Brian Orelli: Yeah. The drug seemed like it was destined for the trash bin after it failed the futility analysis as part of an NIH-sponsored study. But that study, I think it's designed to fail fast. Maybe the size of the clinical trial wasn't large, that part of the clinical trial. They're testing a whole bunch of different drugs in this clinical trial.

But a phase 2 clinical trial in nonhospitalized COVID-19 patients just read out this week, and the drug reduced the amount of virus over eight days. That was the primary endpoint of the trial. That certainly suggests that the drug is working. But what we really care about is clinical endpoints.

Fortunately, the company also measured outcomes as a secondary endpoint. The drug reduced the risk of hospitalizations and/or ER visits or death by 78 percent. There were 6% of the patients in the placebo that had one of those events versus 1.3% of patients got the drug. Just looking at hospitalizations or deaths. Taking out the ER visits, the reduction improves to 87 percent.

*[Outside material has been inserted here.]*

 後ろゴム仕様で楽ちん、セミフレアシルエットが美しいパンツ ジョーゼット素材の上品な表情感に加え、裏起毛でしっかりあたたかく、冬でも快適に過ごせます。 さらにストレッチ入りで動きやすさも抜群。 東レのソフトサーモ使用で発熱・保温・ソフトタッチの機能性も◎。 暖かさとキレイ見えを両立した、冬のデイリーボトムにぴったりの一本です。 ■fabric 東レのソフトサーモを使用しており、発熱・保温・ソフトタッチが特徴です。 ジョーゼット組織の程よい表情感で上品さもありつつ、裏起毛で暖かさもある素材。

Novartis had an option to license a drug, which it smartly decided to do after this phase 2 data came out. I went back to the October 2020 deal between the two companies, and it covered two different drug candidates. There were milestone payments of 165 million and 22 percent royalties.

Based on the phase 2 data alone, Novartis plans to file an Emergency Use Authorization with the FDA. I mean, I think especially since Pfizer's supply constrained right now with its drug and Merck's drug didn't look like it was all that great at lowering events by like about 30 percent in its final data, so I think this new drug can definitely find a place in the market for sure.